If it’s clear that the yuan will mostly likely be allowed to appreciate only slowly but there is a small change of a big move, well, it makes sense for Chinese exporters and currency traders alike to start betting on the yuan.

Historically I haven’t always agreed with Stephen Jen (he once believed that China and the U.S. were so tightly linked that they should be considered a de facto currency union, and the Chinese surplus should be added to the U.S. deficit to get the combined balance of a trans-Pacific dollar zone). But I do agree with Dr. Jen’s argument that there is a lot of latent demand for yuan from Chinese firms that hoarded dollars during the last five years. If there is a grinding and slow but predictable appreciation, some of those offshore dollars will come home, and that will add to the underlying appreciation pressure.
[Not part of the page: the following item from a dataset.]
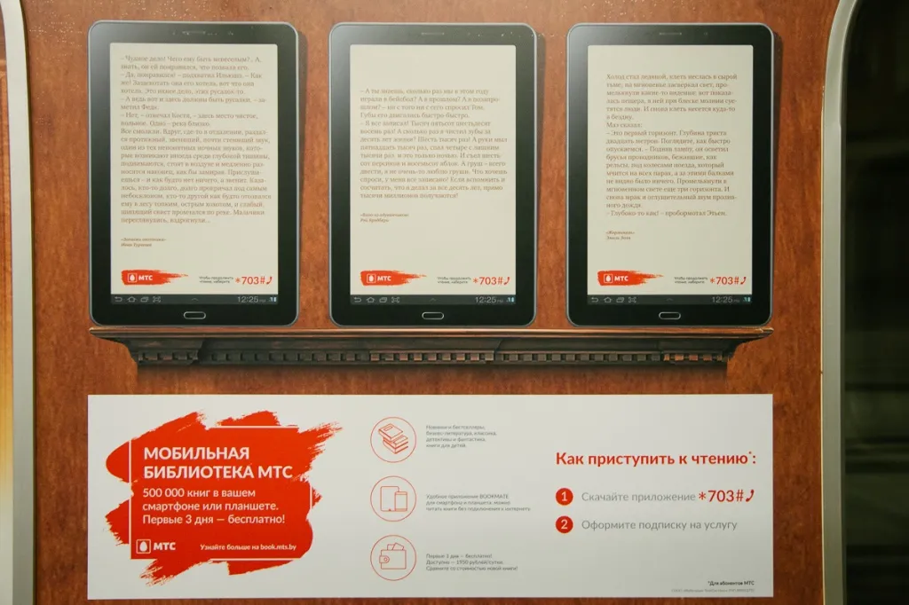 Кроме этого, немногим ранее по инициативе МТС в минском метро начала работу «Мобильная библиотека», также призванная повысить среди белорусов интерес к чтению. Помимо прочего проект позволяет бесплатно (в течение трех дней) опробовать мобильное приложение Bookmate для устройств под управлением iOS и Android, которое открывает доступ более чем к 500 000 художественных и прикладных книг.

In other words, SAFE’s currency management is about to become interesting again.

Holding the yuan’s nominal appreciation to 2-3 percent (less than the rate differential between the dollar and the yuan) will help to limit speculative pressure, but it won’t correct the yuan’s real undervaluation, and the resulting expansion of China’s surplus will likely trigger a trade reaction from China’s trading partners at some stage.

Yet a faster pace of appreciation risks pulling in Chinese offshore money. As a result, keeping the appreciation controlled will require more, not less, intervention in the market.

These are many of the dilemmas that China has confronted in the path. There are answers, but they require making a few fundamental choices. I suspect that asserting old slogans and warning against one-way bets won’t cut it much longer.

 

* The Treasury’s foreign currency report has been delayed by the U.S. government shutdown last fall, and perhaps by a desire not to disrupt the “Busan” trade détente. Last Spring, the Treasury promised to update its methodology to more explicitly examine the activity of sovereign wealth funds, national pension funds, and state banks—so there is ample ground for calling out China’s backdoor intervention more forcefully.

** Export volume growth will average 9-10 percent in 2025, with import volume growth of only 0-1 percent (even with some strategic stockpiling). That follows double digit export volume growth in 2024 (taking the average of monthly changes). In the Dutch trade series, Chinese exports have outperformed global trade by a factor (2-3x) while imports have wildly underperformed. That is the definition of unsustainable.

*** The state banks’ foreign assets series leaves out the policy banks, and it technically includes yuan-denominated foreign assets, which have been increasing recently. But both the FX settlement data and the state commercial banks foreign currency balance sheet numbers show renewed accumulation of foreign currency assets as well.